# barn wood shelf for shed antlers display



## goathollow (Jun 18, 2008)

I like it!!


----------



## bdman (Jun 7, 2010)

very nice!


----------



## Dale_Arrington (Jun 25, 2011)

Very Nice! Never seen nails with numbers on the heads though, pretty cool!


----------



## BUDDYBAGS (Dec 13, 2009)

nice job!!


----------



## peregrine82 (Aug 25, 2007)

Innovative and the weathered wood perfectly suits the sheds. I love the dated railroad nails.


----------



## nimh (Nov 26, 2011)

Beautiful.


----------



## KSHammers1 (Oct 9, 2009)

Sweet!


----------



## aocasek (Oct 27, 2008)

Very nice


----------



## milsy (Jun 9, 2010)

Looks awesome! Great job!!!


----------



## Drenalin70 (Apr 17, 2008)

Nice


----------



## oldschoolcj5 (Jun 8, 2009)

looks great!


----------



## KSNimrod (Dec 14, 2004)

That looks great man! I'm sending a picture of that to my wife right now to file in the "projects" list... :wink:


----------



## AintNoGriz (Sep 28, 2006)

Thanks everyone......I think the railroad nails really give it a unique and rustic look. The nail with the "47" on it in the pic is the year my dad was born, so I snatched it up. I had to apologize though to my mom since they did not have her year of birth.......I may go back down to the antique store and pick up some more for future projects!!


----------



## JeffreySlayR (Mar 1, 2006)

Great work ... and your mother would not appreciate you announcing the year of her birth!!!:wink:


----------



## Sideways (Feb 13, 2006)

very nice!


----------



## Tony219er (Aug 14, 2011)

Awww man! SAWWEEEET! I'm building one now.


----------



## Baconator (Dec 8, 2009)

Great work!


----------



## CROMAN69Z28 (Oct 24, 2009)

Did a similar project myself. We recently took our privacy fence down for a better view (less weed eating for me). I decided to use the wood in my "room of death" as my wife calls it. I had drop ceiling and flourescent lights. This is what i ended up with. I did the three short walls seen and the ceiling. I trimmed the ceiling with 1" strips.


----------



## Tau44 (Nov 10, 2010)

That is awesome room. I had a room like that ( meaning man room). Got remarried and now it is my wife's office.


----------



## blklab72 (Sep 1, 2010)

Thanks for sharing your project. Gonna do something similar but I'm putting some old wooden duck decoys on the top shelf and sheds hanging below... Showed the wife the pics and all she said was "hurry up and get started"... Lol...


----------



## >>jake7hunter-> (May 20, 2012)

my first step would be to get antlers like that lol


----------



## AintNoGriz (Sep 28, 2006)

blklab72 said:


> Thanks for sharing your project. Gonna do something similar but I'm putting some old wooden duck decoys on the top shelf and sheds hanging below... Showed the wife the pics and all she said was "hurry up and get started"... Lol...

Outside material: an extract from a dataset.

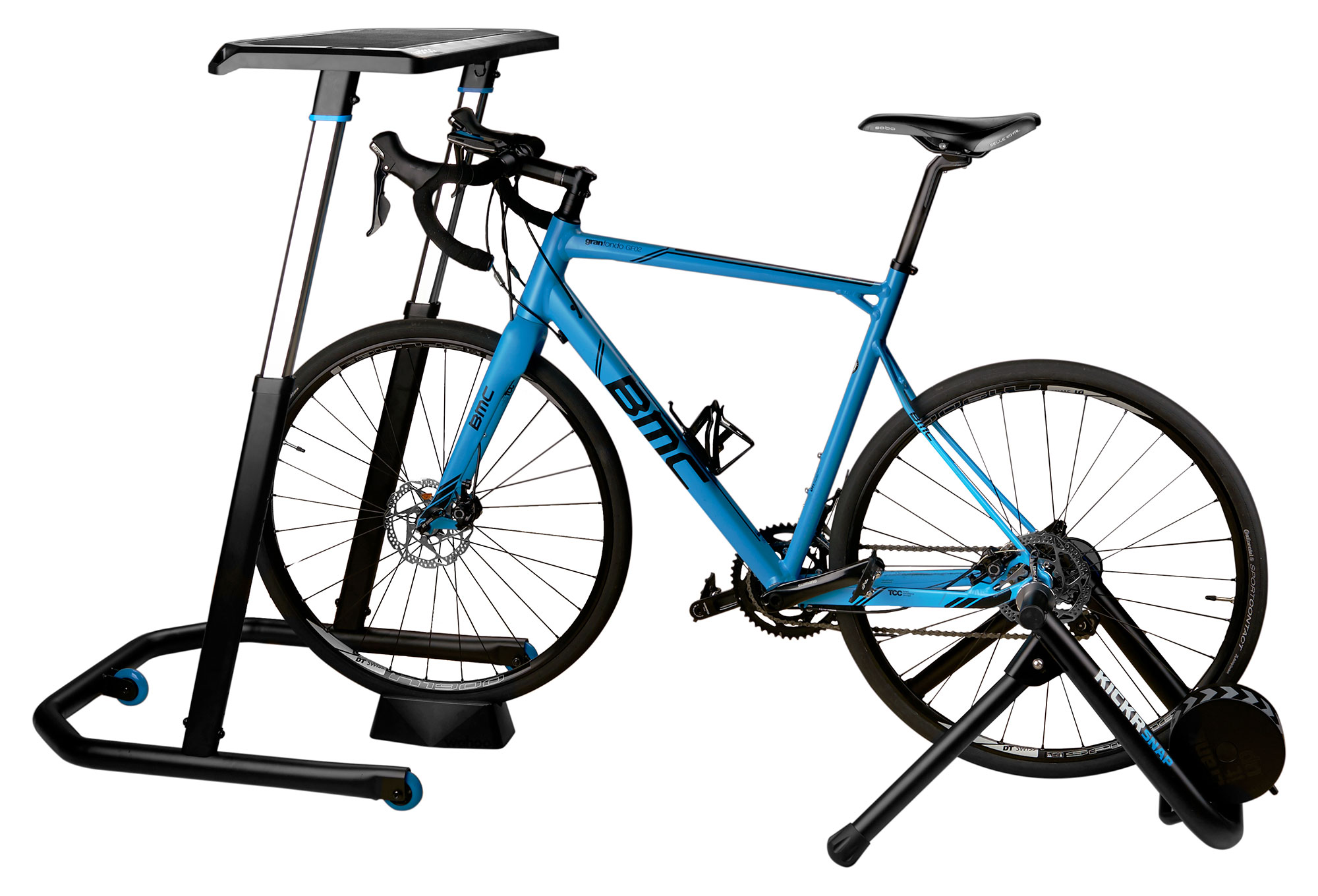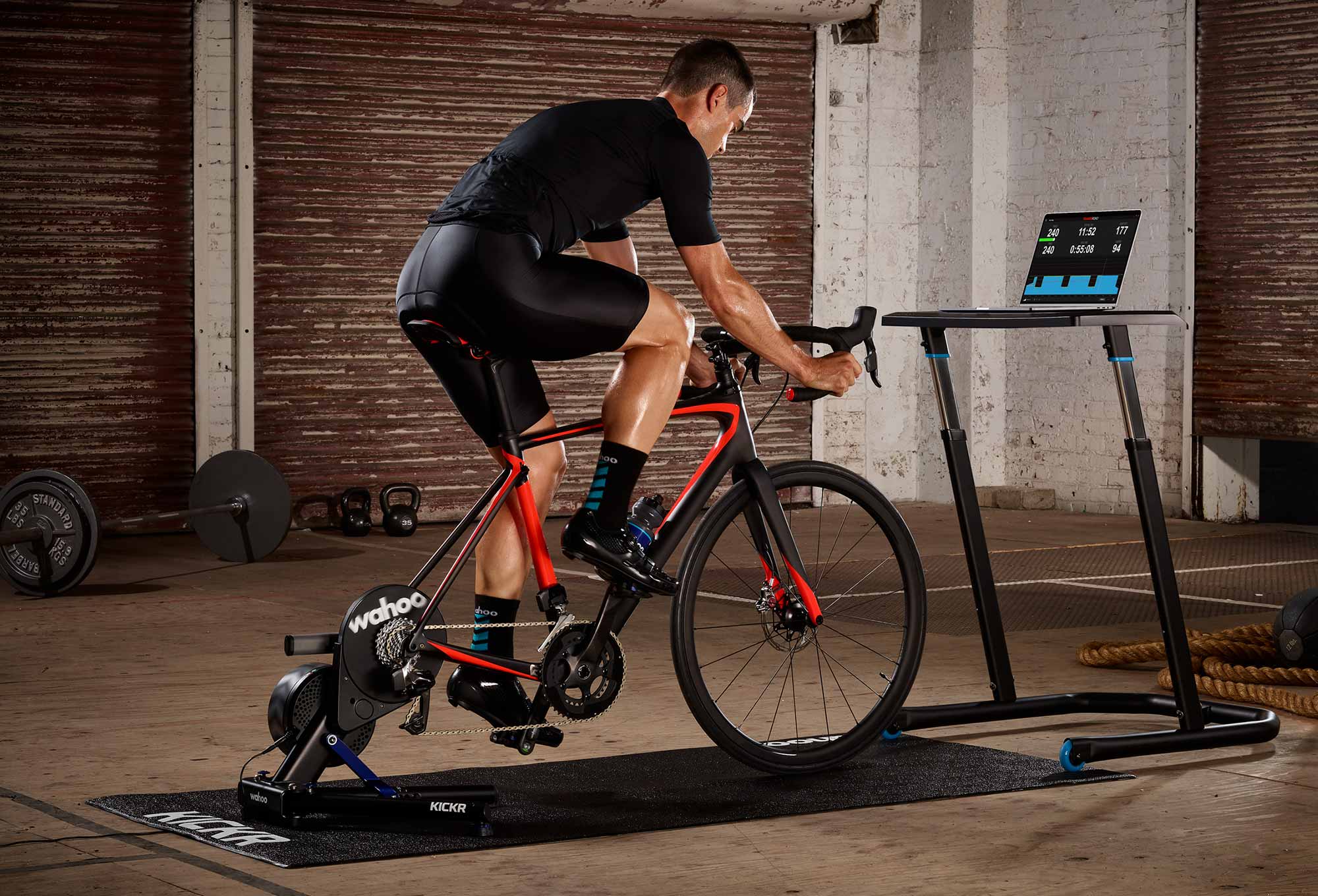 • Support intégré pour tablette et smartphone : Maintenez votre tablette ou smartphone bien en place sur le bureau et affichez votre appli de cyclisme sur votre KICKR ou votre écran pendant l’entraînement.

Make sure and post pics when your done......this shelf can be used for anything for sure, I just had the antler thing in mind. It could even be used for a coat rack.


----------



## Bgargasz (Apr 20, 2009)

Nice! Did you debug the wood? I made a similar project and had to use a few cans of Raid to get the ants out.


----------